By this time, you’ve probably heard a whole lot of thought, talk, and speculation about the coming revolution in intelligent machines, from self-driving cars and other robots to facial recognition systems andmore. It’s not just science fiction anymore. We really are gettingcloser to a new reality where it will be harder to tell the difference between “natural” and “artificial” intelligence.
If you’re not a computer scientist, you may not quite grasp the subtle distinctions in the various terms being thrown about (even computer scientists are occasionally confused on this point). For purposes of this article, artificial intelligence (AI) is the branch of computer science that attempts to make computers process information in the same way that humans do: not by mathematical computations but by reasoning, intuition, and pattern recognition, among others. Machine learning is the subset of AI that deals with making computers refine their processes over time to obtain better results, i.e., by making them “learn.”
Machine Learning: A Brief History
Research in machine learning actually goes back several decades, and is almost as old as the electronic digital computer itself.

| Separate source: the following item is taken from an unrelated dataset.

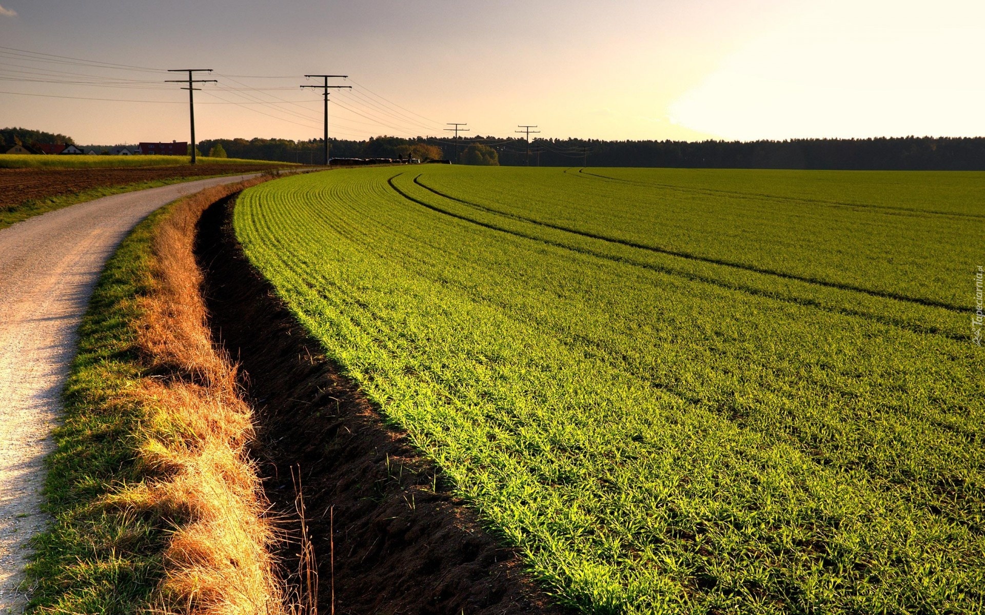 Edytor tapety: Droga, Pole, Słupy

In the 1950s, researchers at IBM wrote a program that played checkers and “learned,” over time, what moves resulted in better outcomes than others. By the 1960s, the concept of the “neural network” was being explored. A neural network is a computer representation, of neurons and synapses, like those in the human brain. The idea is that by mimicking the way the brain is believed to establish neural connections in the process of learning, a computer could be made to do so as well. Because of the small size (compared to that of the brain) of neural networks that can be represented in a computer, results were mixed at best, despite many years of research and advances in computer performance.

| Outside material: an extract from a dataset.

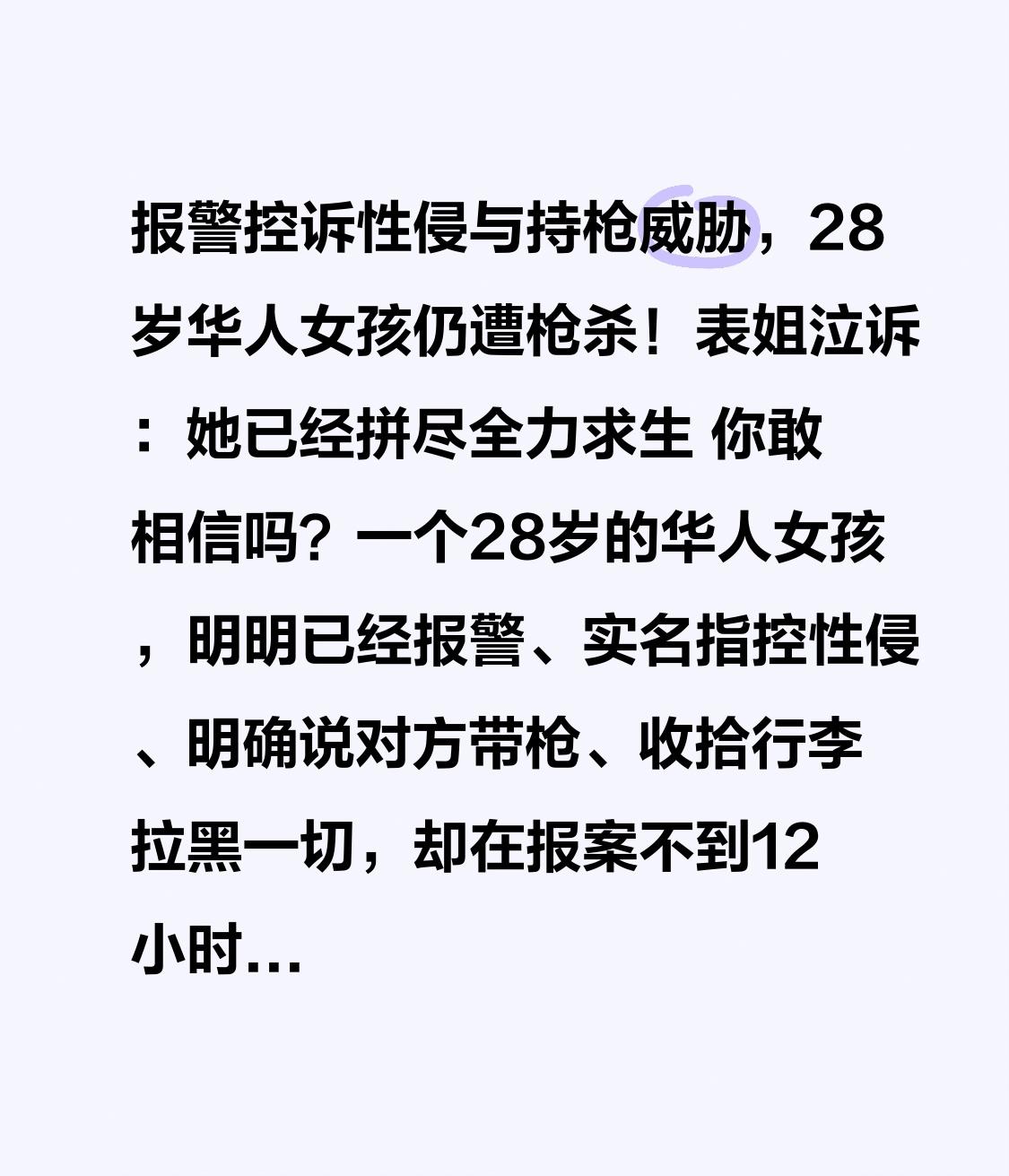 报警控诉性侵与持枪威胁,28岁华人女孩仍遭枪杀!表姐泣诉:她已经拼尽全力求生 你敢相信吗?一个28岁的华人女孩,明明已经报警、实名指控性侵、明确说对方带枪、收拾行李拉黑一切,却在报案不到12小时,被前男友残忍枪杀。 当地时间2月8日,美国宾州噩耗传来:华人女孩卢媛媛,在车内头部中枪身亡。凶手是她的前男友任宇俊,作案后带律师自首,还无耻狡辩“枪走火”,只想吓唬她。 案发前一晚,媛媛鼓起所有勇气走进警局。她清晰告诉警方:自己当天遭性侵,长期被跟踪骚扰,对方随身带枪,她极度恐惧、生命受威胁。她配合取证、做完笔录,拉黑对方、收拾好行李,决心彻底逃离。她以为报警就是护身符,却没想到,求助没能换来保护,反而让恶魔更快下了死手。 监控拍下绝望一幕:凶手凌晨一路尾随,在她准备开始新生活的时刻,扣动了扳机。父亲刚回国探亲,转眼天人永隔;家人还在等她平安消息,等来的却是死讯。表姐含泪发声:她善良、懂事、从不添麻烦,忍了很久才敢求救,她已经拼尽全力求生,可还是没能活下来。 更让人意难平的是,这不是冲动犯罪,是蓄谋已久的伤害;这不是孤例,是无数亲密关系暴力的惨痛缩影。多少女孩在分手、求救、逃离时,被最熟悉的人拖入深渊。 海外求学、工作的姑娘们请一定记住:遇到控制、暴力、威胁、性侵,零容忍、不心软、不沉默。保留证据、立刻报警、告知家人、彻底切断联系。你的善良必须带锋芒,你的安全比任何情分都重要。 目前凶手被拒绝保释,面临杀人、跟踪等多项指控。我们期待法律严惩恶魔,给逝者与家人一个公道,也追问:明确的生命威胁报警,为何没能阻止悲剧? 媛媛,一路走好。愿天堂没有暴力与伤害,愿所有女孩都能平安被爱,愿类似的悲剧,永远不再发生。

By the 1990s, machine learning research had turned to enabling computers to analyze large amounts of data in an attempt to recognize patterns and “learn” expected outcomes from given inputs. This enabled, for example, IBM’s Deep Blue supercomputer to defeat world champion Garry Kasparov at chess. This approach was still mostly a brute-force examination of all possible outcomes for a given board position to determine the best move.

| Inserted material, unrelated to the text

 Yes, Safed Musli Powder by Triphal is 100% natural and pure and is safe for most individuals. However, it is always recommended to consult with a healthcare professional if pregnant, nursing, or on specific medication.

Current Trends in Machine Learning
Much of the current research in machine learning is centered around the idea of “deep learning.” In this approach, the “neurons” in a neural network are organized into levels: an input level, an output level, and one or more “hidden” levels in between. The more levels there are, and the more “neurons” in each level, the greater the complexity in possible paths, or connections, between input and output. By trying different paths, the computer can arrive at different conclusions. By “training” the computer with a set of known inputs and outputs, the computer can learn to make the right conclusions regarding inputs that are similar to, but not exactly like, ones it has encountered before. This is especially useful in image processing—by “showing” the computer thousands of different images of dogs, for example, it can learn to distinguish images of dogs from images without dogs.
Here at AndPlus, we have a whole new division of engineers working on these current and upcoming trends. We call it the Innovation Lab and we're building some pretty cutting-edge tech. You'll be seeing lots more on this in future blogs but we're really leading the charge in not only machine learning, but artificial intelligence and big data as well!
What Does the Future Hold?
If current trends in algorithm development and hardware performance persist, the practical applications for machine learning will soon expand dramatically. Already, deep-learning algorithms are being used to recognize objects and text in images, emotional states from facial images, and more. Consider these near-future possibilities:
- Self-driving cars that can not only recognize objects, such as pedestrians, bicycles, and animals, but predict what these objects are likely to do
- Systems that can “watch,” score, and report on sporting events
- Systems that can recognize, and neutralize, hacking attempts and fraudulent activity, even for approaches and vulnerabilities that were not previously known
- Robots that can detect your emotional state and tailor their interactions with you
This merely scratches the surface of how “intelligent” machines will aid us in the future. Computers may never think the way humans can, but they may be well-suited to tasks like these, which require a good deal more patience, persistence, or speed than most humans can muster. Stand by for some exciting AI developments.